**EXERCISE DETAILS**. Nothing but the lines from the first line of the material below through the line that holds "436940 Cz Classic" should be set down, exactly and with pictures left out.
◇ ◇ ◇ ◇ ◇
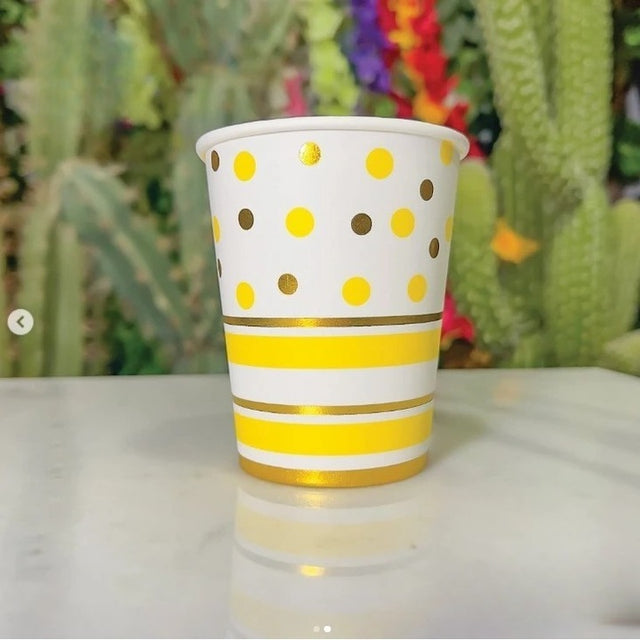 10 darabos kartonpohár készlet, tarka pöttyökkel és csíkokkal díszítve - ideális születésnapokra, tematikus partikra, babaváró bulikra vagy nemi identitás felfedésére.
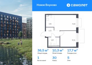 Предлагается 1-комнатная квартира комфорт-класса 36,46 кв.м в корпусе 30 на 5 этаже, в ЖК "Новое Внуково"
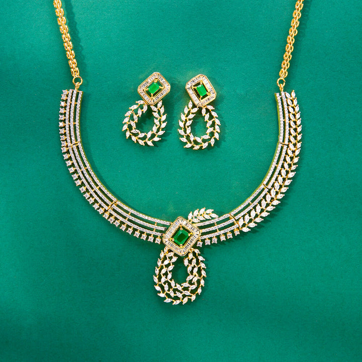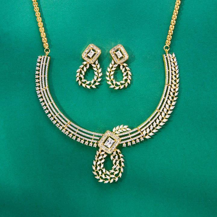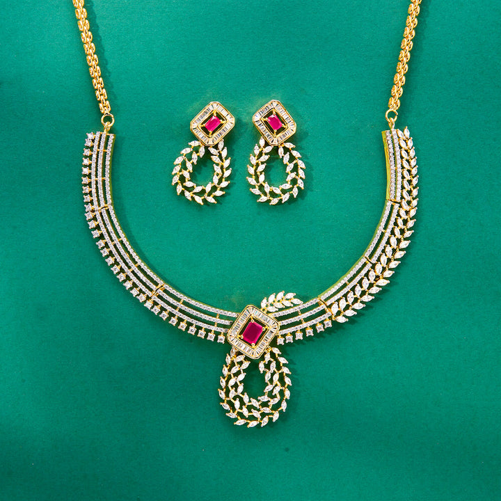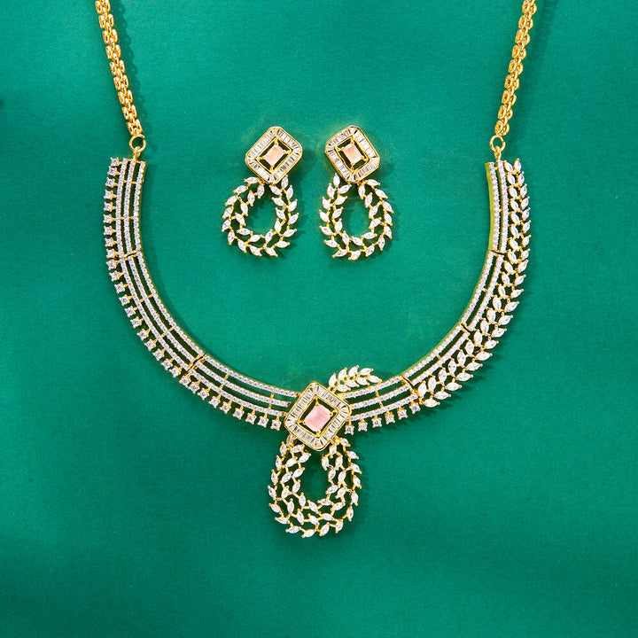 436940 Cz Classic Necklace Set With 2 Tone Plating
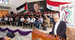 درعا-سانا دعا المشاركون في المهرجان الخطابي الذي اقيم اليوم في درعا بمناسبة الذكرى الثانية والخمسين لانطلاقة الجبهة الشعبية لتحرير فلسطين/القيادة العامة إلى تنسيق الجهود تجاه الاعتداءات المتكررة للعدو الإسرائيلي على الشعب الفلسطيني في الأراضي المحتلة وإعادة إحياء عملية الخالصة الاستشهادية …
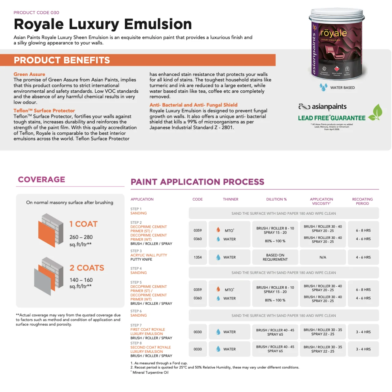 Technical Specifications: Asian Paints Royale Luxury Emulsion
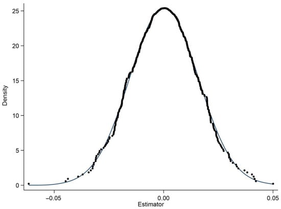 In addition, to prevent ‘errors in policy effects’, a placebo test was performed on the double-difference model by sequentially generating the interactions for the policy variables with time and repeating the process 500 times (Figure 11). The results displayed that the regression coefficients were distributed around the zero value; that is, the random sample combination did not have a substantial influence on the level of UR. On the basis of the results of the parallel trend and placebo tests, a difference-in-difference (DID) estimation model was developed to determine the effect of the policy on the UR in the Big Data Comprehensive Test Area (Table 11). Columns (1) and (2) of Table 11 display the estimated models for the dummy variables of the DID and policy, and Columns (3) and (4) show the estimated models for the interaction between the DID and policy. The regression coefficient for the DE pilot policy variable was strikingly positive, indicating that the DE promotes UR in the study area. The coefficients of the DE index and policy interaction were also positive.
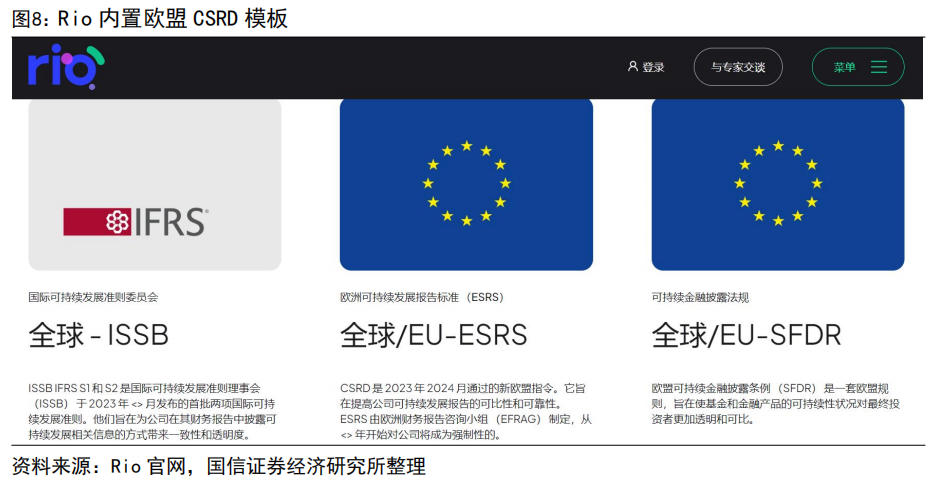 在合规方面,AI技术显著提升效率并降低成本。例如,Rio通过AI识别企业优先披露的ESG议题(如高污染行业的范围排放),并内置欧盟CSRD模板,自动生成合规文件。这使得企业能够更高效地管理ESG数据,确保其报告与国际标准对齐,同时满足监管要求。Rio AI为Kier PLC、Crestbridge Group、Crawford&Company保险、British Council、Augean、Arrow Global等多家公司提供管理指导。SFDR和SDR等产品标签制度推动资产管理行业在可持续性报告方面取得成果和变革。Rio AI帮助企业了解其可持续性绩效和投资组合覆盖情况,并提供相关法规的指导。顾问团队由经验丰富的专家组成,能够为复杂投资组合的可持续性整合提供专业建议。
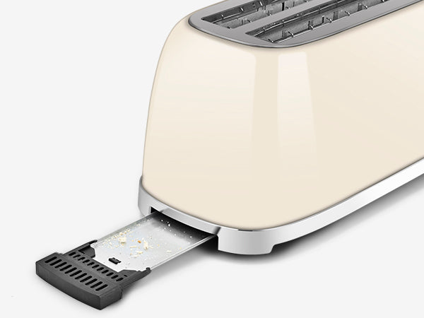 The slide-out crumb tray located behind the toaster can be effortlessly removed for cleaning.
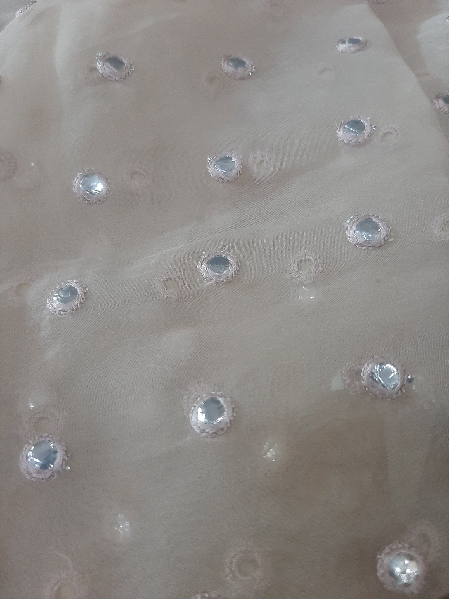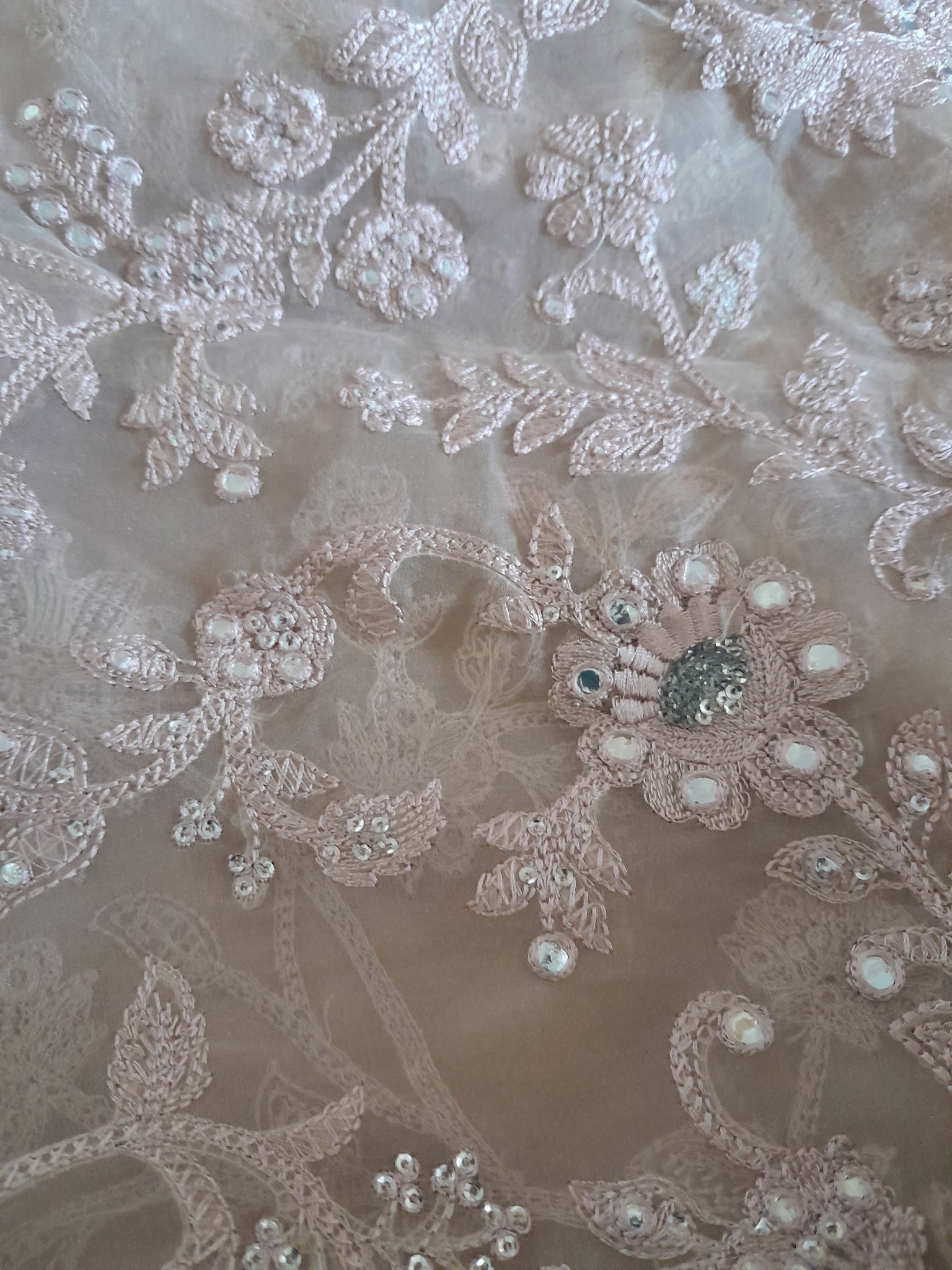 Heavily thread embroidered with silver sequins and  foil work embellishments on three different designs Fabric separately.
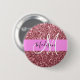 Rapariga e brilho cor-de-rosa rosa cor-de-rosa brilha o nome do monograma branco e o botão inicial. Seu nome personalizado e monograma são escritos em um elegante roteiro escrito à mão com um fundo rosa. Um aniversário perfeito ou presente de Natal!
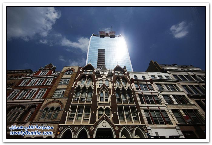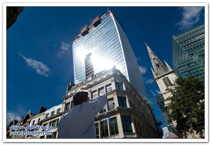 * ناطحة السحاب الجديدة التي ما برحت ترتفع في سماء الحي المالي في لندن، والتي أطلق عليها اللندنيون اسم "ووكي توكي"، فاجأت سكان المنطقة المجاورة بقدرتها العجيبة على إذابة السيارات وحتى قلي البيض.
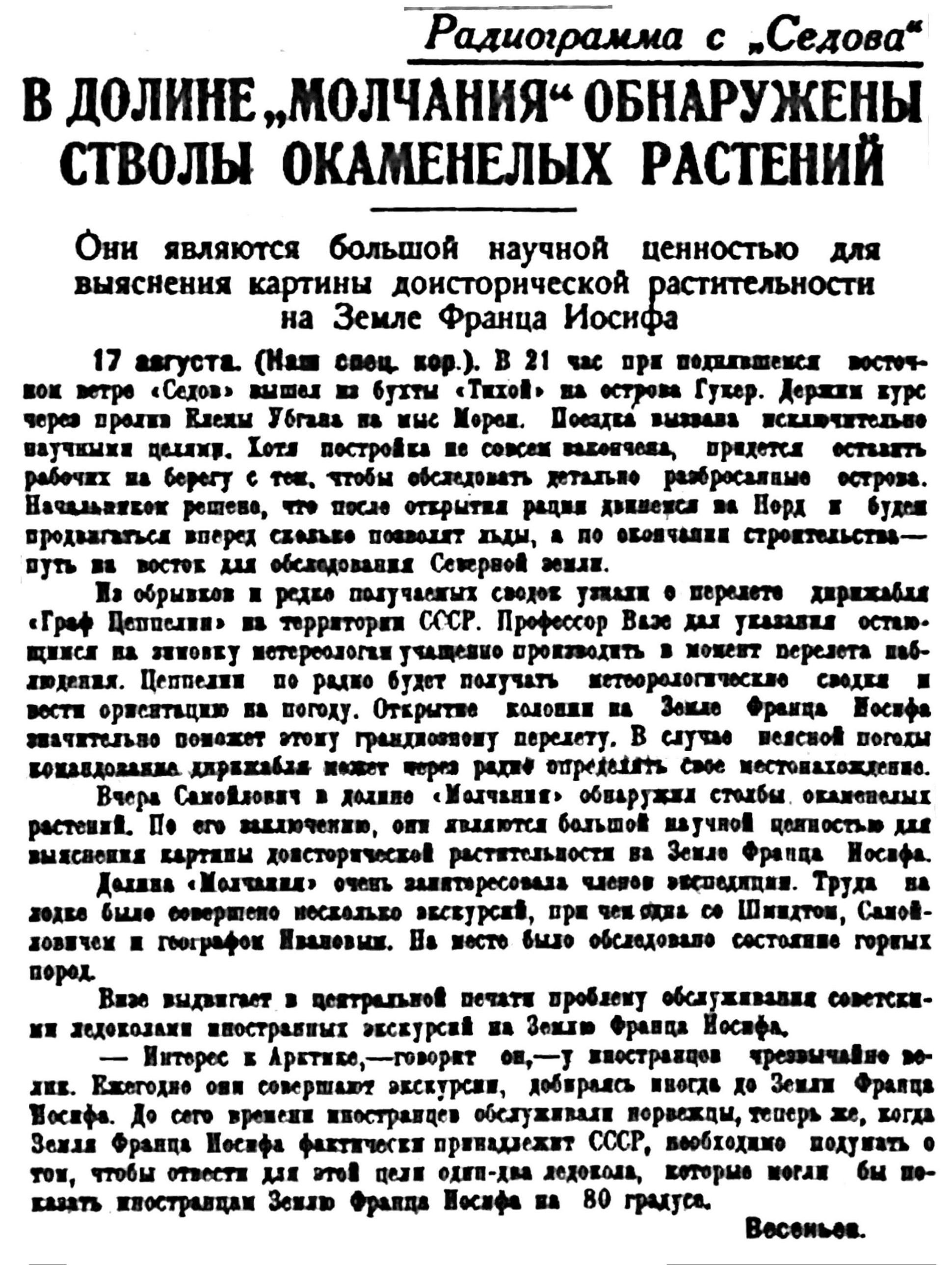 Из обрывков и редко получаемых сводок узнали о перелете дирижабля "Граф Цеппелин" на территории СССР. Профессор Визе дал указания остающимся на зимовку метеорологам учащенно производить в момент перелета наблюдения . Цеппелин по радио будет получать метеорологические сводки и вести ориентацию на погоду. Открытие колонии на Земле Франца Иосифа значительно поможет этому грандиозному перелету. В случае неясной погоды командование дирижабля может через радио определять свое местонахождение.
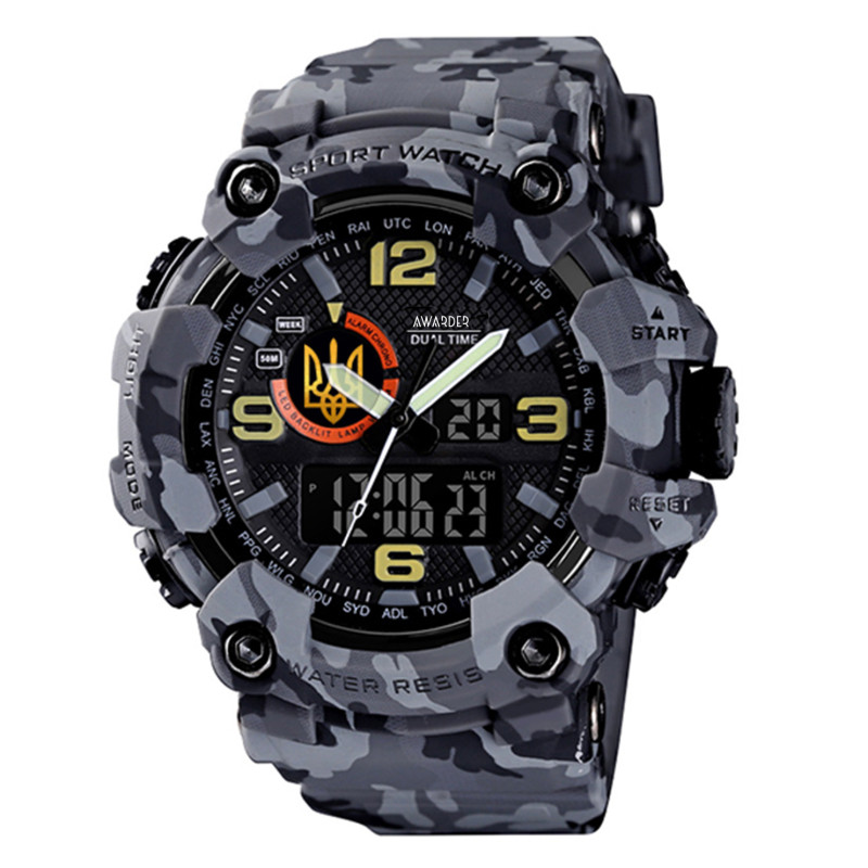 Годинник наручний Awarder 002 Тризуб золото Сірий камуфляж + Коробка.
◇ ◇ ◇ ◇ ◇
**ANSWER FOR THIS EXERCISE**.
 10 darabos kartonpohár készlet, tarka pöttyökkel és csíkokkal díszítve - ideális születésnapokra, tematikus partikra, babaváró bulikra vagy nemi identitás felfedésére.
 Предлагается 1-комнатная квартира комфорт-класса 36,46 кв.м в корпусе 30 на 5 этаже, в ЖК "Новое Внуково"
 436940 Cz Classic Necklace Set With 2 Tone Plating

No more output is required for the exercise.